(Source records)
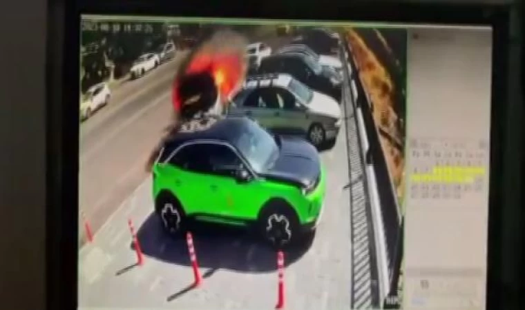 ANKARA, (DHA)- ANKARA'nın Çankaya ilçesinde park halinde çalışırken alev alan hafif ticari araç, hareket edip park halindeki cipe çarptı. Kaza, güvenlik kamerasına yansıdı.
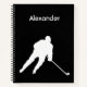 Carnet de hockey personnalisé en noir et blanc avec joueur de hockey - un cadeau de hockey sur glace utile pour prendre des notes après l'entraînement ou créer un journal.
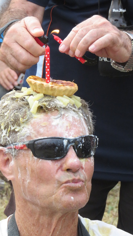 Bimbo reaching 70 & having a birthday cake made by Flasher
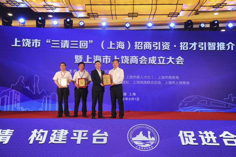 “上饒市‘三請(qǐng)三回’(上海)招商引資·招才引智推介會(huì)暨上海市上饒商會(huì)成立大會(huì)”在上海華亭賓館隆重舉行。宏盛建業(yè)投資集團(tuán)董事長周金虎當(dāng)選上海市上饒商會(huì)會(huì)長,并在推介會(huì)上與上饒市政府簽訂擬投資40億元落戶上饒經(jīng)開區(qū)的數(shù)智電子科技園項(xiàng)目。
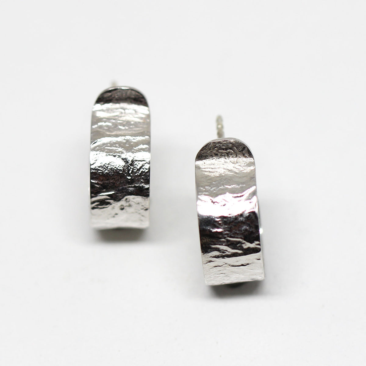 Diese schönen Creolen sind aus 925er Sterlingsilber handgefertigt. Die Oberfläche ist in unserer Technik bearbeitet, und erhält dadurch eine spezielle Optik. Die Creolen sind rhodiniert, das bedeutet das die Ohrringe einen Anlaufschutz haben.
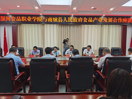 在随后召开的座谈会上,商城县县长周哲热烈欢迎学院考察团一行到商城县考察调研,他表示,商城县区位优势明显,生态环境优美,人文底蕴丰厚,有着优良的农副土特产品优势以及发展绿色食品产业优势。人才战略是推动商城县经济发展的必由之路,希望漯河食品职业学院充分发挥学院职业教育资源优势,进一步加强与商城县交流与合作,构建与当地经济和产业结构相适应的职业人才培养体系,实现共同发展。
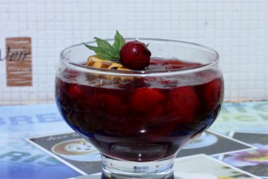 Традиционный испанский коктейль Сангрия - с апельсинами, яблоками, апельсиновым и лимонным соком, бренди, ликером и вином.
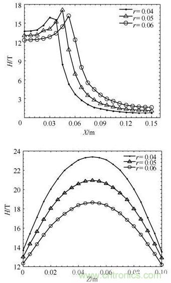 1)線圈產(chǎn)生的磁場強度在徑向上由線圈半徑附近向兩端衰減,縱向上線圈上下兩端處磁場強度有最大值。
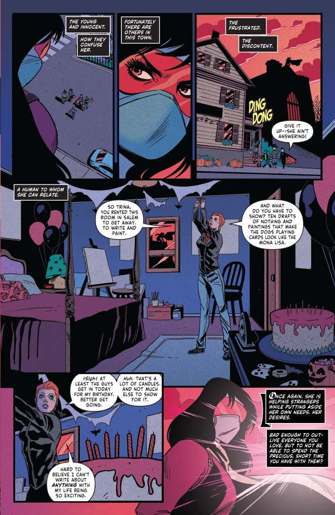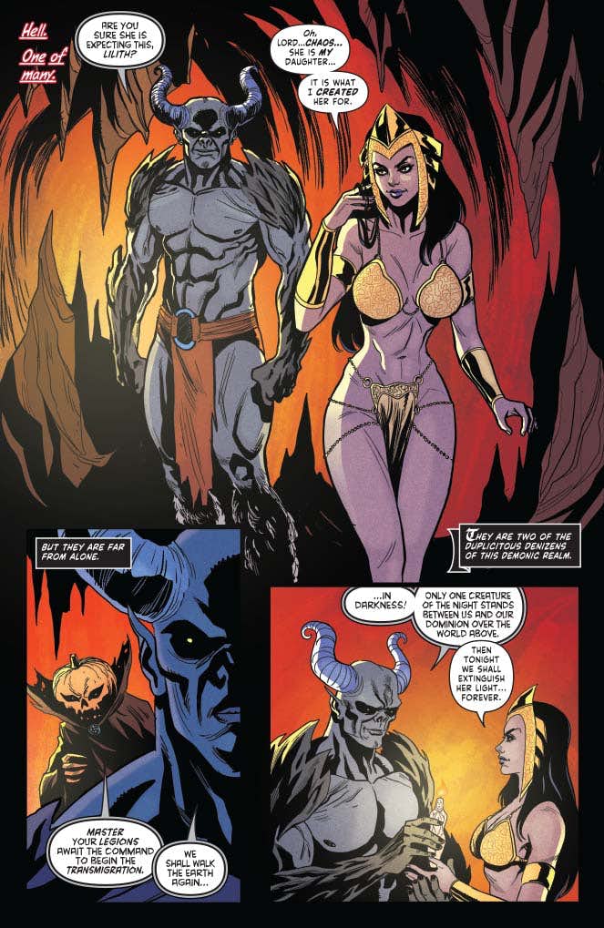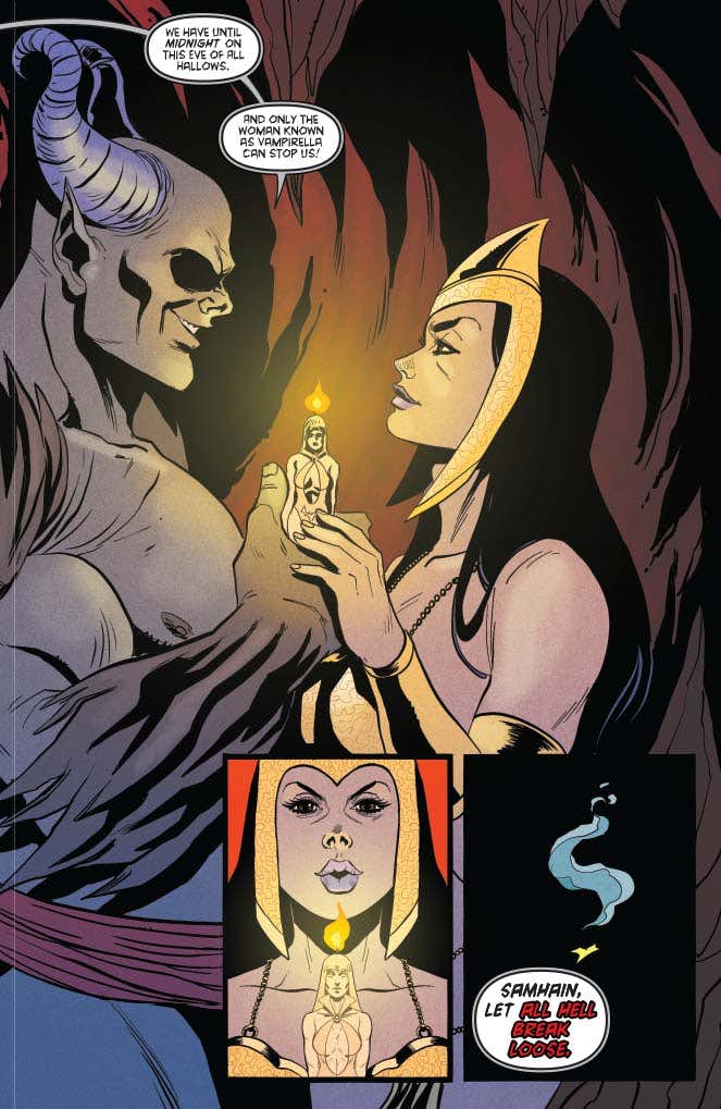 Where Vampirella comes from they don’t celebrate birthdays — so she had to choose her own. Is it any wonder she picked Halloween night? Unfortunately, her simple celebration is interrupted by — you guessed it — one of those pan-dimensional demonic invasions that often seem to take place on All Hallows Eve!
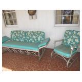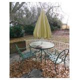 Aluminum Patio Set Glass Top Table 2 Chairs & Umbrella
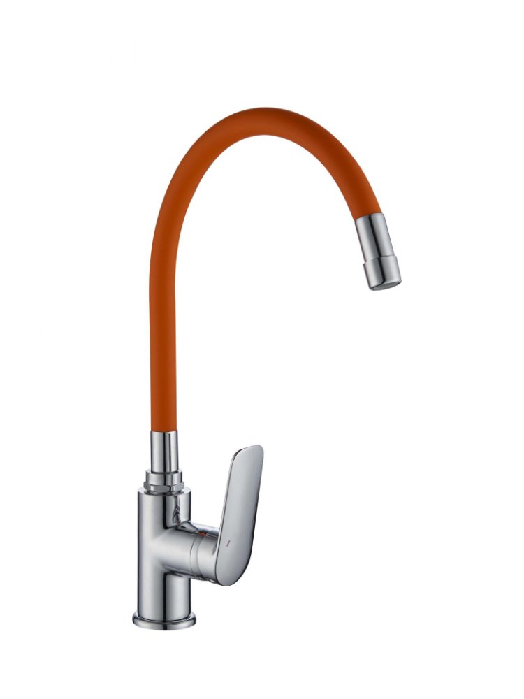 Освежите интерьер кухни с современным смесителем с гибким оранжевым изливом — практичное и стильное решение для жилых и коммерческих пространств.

* Task directions
Set down exactly the lines between the line containing "在随后召开的座谈会上,商城县" and the end of the records above, both ends included; pictures stay out.

* Output
 在随后召开的座谈会上,商城县县长周哲热烈欢迎学院考察团一行到商城县考察调研,他表示,商城县区位优势明显,生态环境优美,人文底蕴丰厚,有着优良的农副土特产品优势以及发展绿色食品产业优势。人才战略是推动商城县经济发展的必由之路,希望漯河食品职业学院充分发挥学院职业教育资源优势,进一步加强与商城县交流与合作,构建与当地经济和产业结构相适应的职业人才培养体系,实现共同发展。
 Традиционный испанский коктейль Сангрия - с апельсинами, яблоками, апельсиновым и лимонным соком, бренди, ликером и вином.
 1)線圈產(chǎn)生的磁場強度在徑向上由線圈半徑附近向兩端衰減,縱向上線圈上下兩端處磁場強度有最大值。
 Where Vampirella comes from they don’t celebrate birthdays — so she had to choose her own. Is it any wonder she picked Halloween night? Unfortunately, her simple celebration is interrupted by — you guessed it — one of those pan-dimensional demonic invasions that often seem to take place on All Hallows Eve!
 Aluminum Patio Set Glass Top Table 2 Chairs & Umbrella
 Освежите интерьер кухни с современным смесителем с гибким оранжевым изливом — практичное и стильное решение для жилых и коммерческих пространств.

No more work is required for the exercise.